How do such mismatches between metric-based evaluation and actual performance arise? At a basic level, these discrepancies occur because the error rates derived from benchmarking are not representative of those encountered during deployment. This stems from the inability of testing datasets to fully reflect the variance structure of prospective novel data, leading to poor transferability through both domain shifts and false positives [11]. More fundamentally, the continued prevalence of this issue indicates a foundational underestimation of the true depth of problem spaces in complex tasks. The resultant dilemma faced by performance benchmarks is that no matter how extensive their image repertoires may be, these will always represent a set of context-dependent, specific, and finite examples [7]. Indeed, a model trained using images from conceptual categories such as “bottle” or “phone” will have no ability to identify cases that fall outside of the specific visual distributions encountered during training, and thus it is a false equivalence to assume that benchmarks composed of many such categories can meaningfully test generalizability [12]. Perhaps most intriguingly, there appears to be an inherent assumption of conceptual understanding in machine vision models, in that when given sufficient examples of a target, they will be able to grasp the abstract concept underlying it, as is the case for humans. While this idea is readily falsifiable [13], inflated claims of benchmark generalizability paired with the widespread use of associated ranking metrics serve to continue its proliferation [7].

To address the present situation and improve the transferability of model evaluation metrics, we propose two specific actions. First, there is a need for transparency and acknowledgement of what given performance metrics truly relate to. When quoting accuracy measures derived from training data, researchers should explicitly specify and provide the testing images used to generate these values, outline the exact parameters under which they may be expected to generalize, and detail any associated caveats. This will allow potential users to compare the attributes of testing data to their own deployment scenarios, and limit the spread of misleading claims derived from context-specific benchmarks.

Second, in the absence of reliable metrics, we suggest increased adoption of an existing solution that allows users to rapidly evaluate the transferability of models utilizing their own data—namely model preview tools. Such tools enable instant application of hosted models to users’ evaluation datasets, and are commonly employed on open source repositories such as Hugging Face. By directly applying inference to ground-truthed annotations provided by the user, these utilities transfer benchmarking from a global process that must approximate all potential deployments a priori, to a local one that derives performance metrics specifically from the desired use case. Notably, while such tools are readily available, their apparent absence from the scientific literature suggests that there is strong potential for expanded use. As such, allowing for scalability limitations [14], enhanced requirements for authors to provide links to these tools within publications would substantially improve the ability of readers to validate model transferability claims.
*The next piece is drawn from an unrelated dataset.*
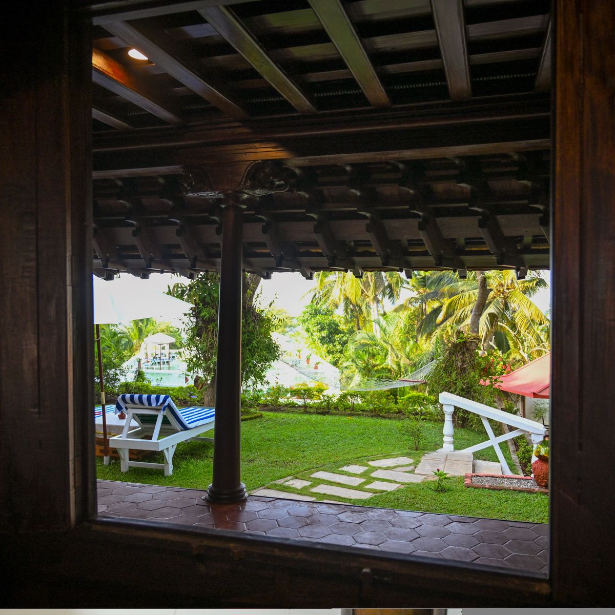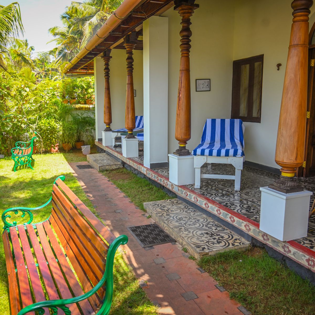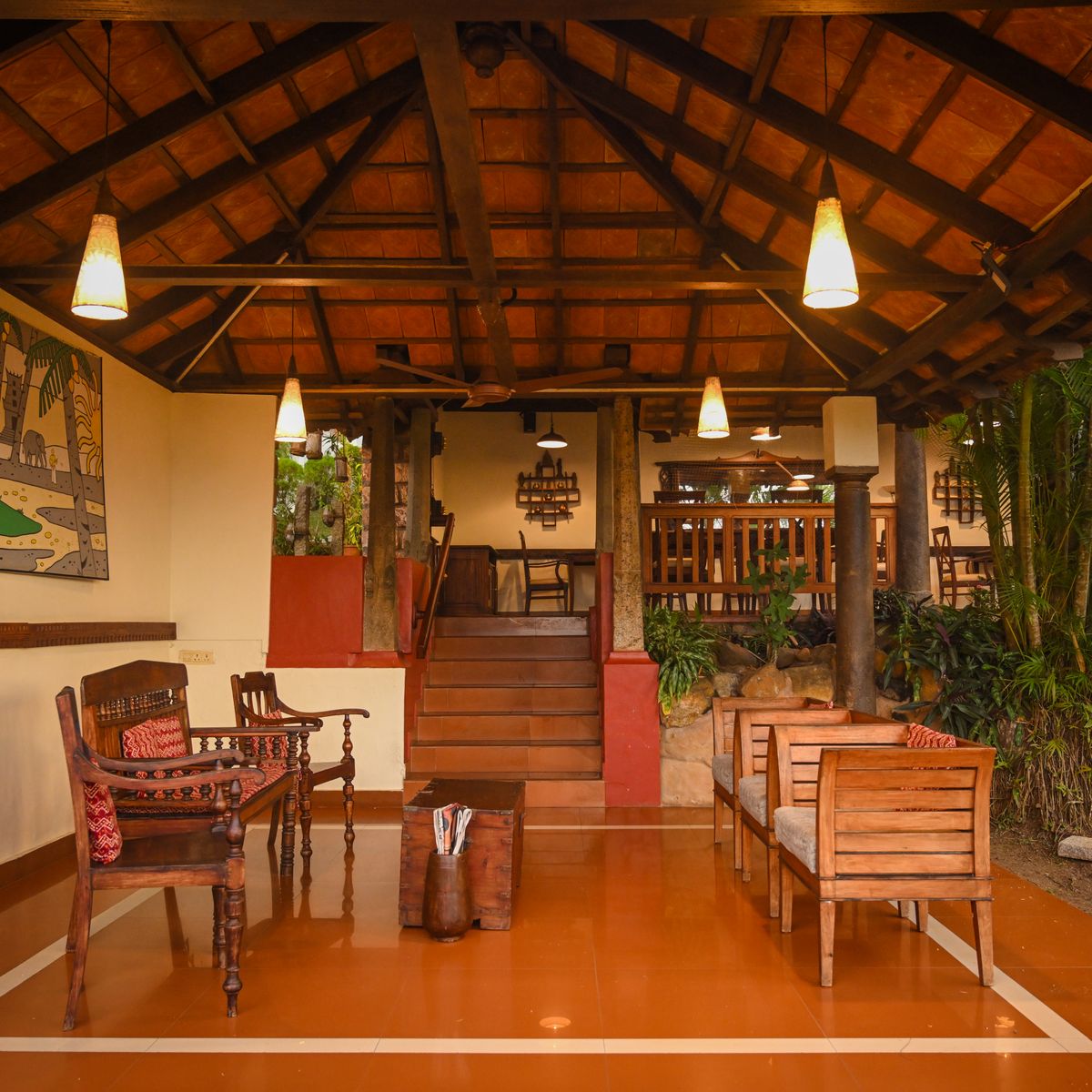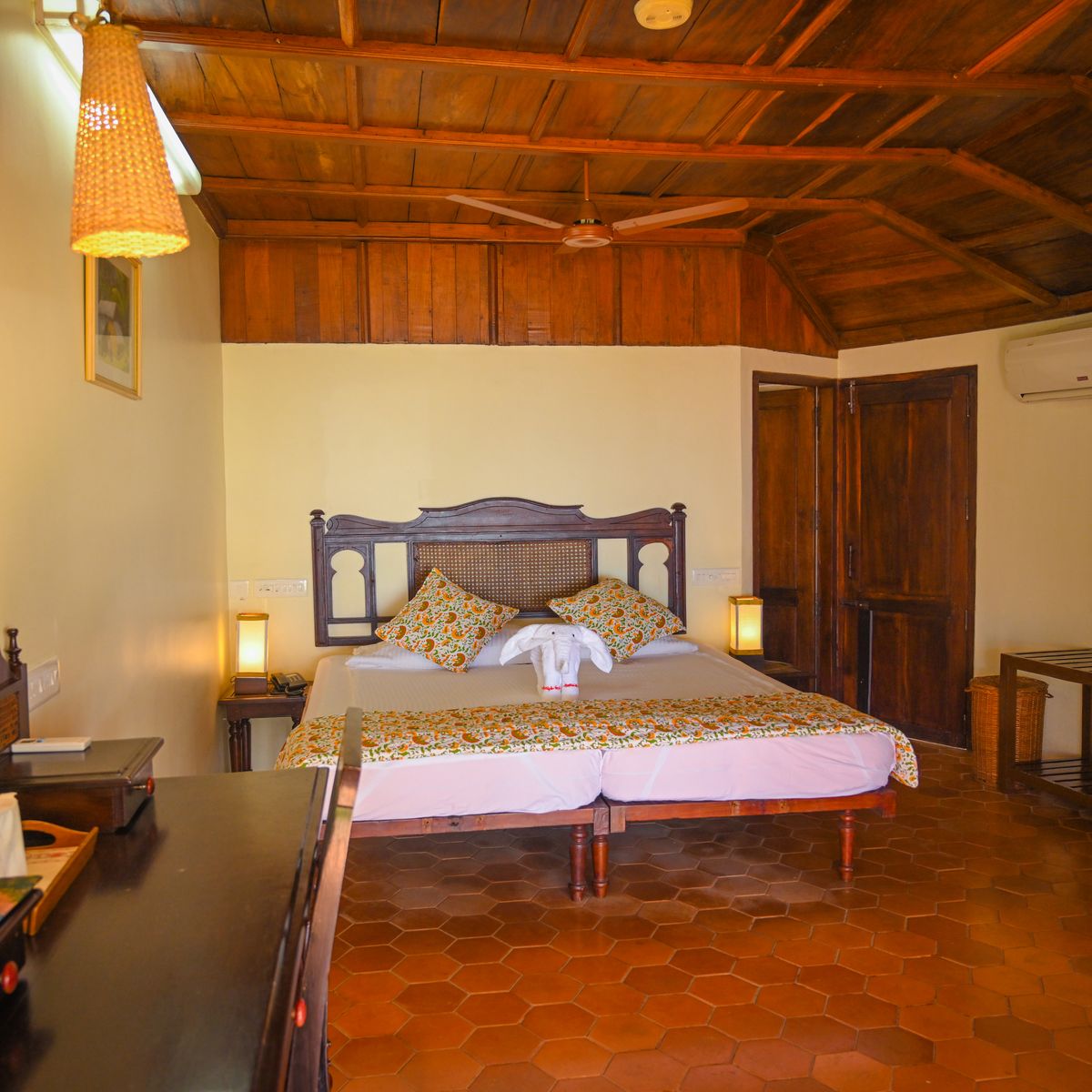 Exklusives Herrenhaus im traditionellen Kerala Stil, auf dem höchsten Punkt des Resorts, mit kombiniertem Wohn- und Schlafbereich sowie 2 Bädern.

While these strategies have the potential to improve the estimation of model transferability in the short term, there is a broader need for reassessment of the current model evaluation paradigm. Central to this, is the question of how and if it is possible to develop generalized benchmarks that meaningfully encapsulate transferability, reliability, and robustness in a minimally application-biased manner. Until such a time as this is answered, the only true evaluation for a specific deployment will be to conduct testing on data from that same deployment. Although here we have focused upon machine vision, this issue has far wider implications for deep learning sensu largo, and as such, warrants further discussion at a fundamental level.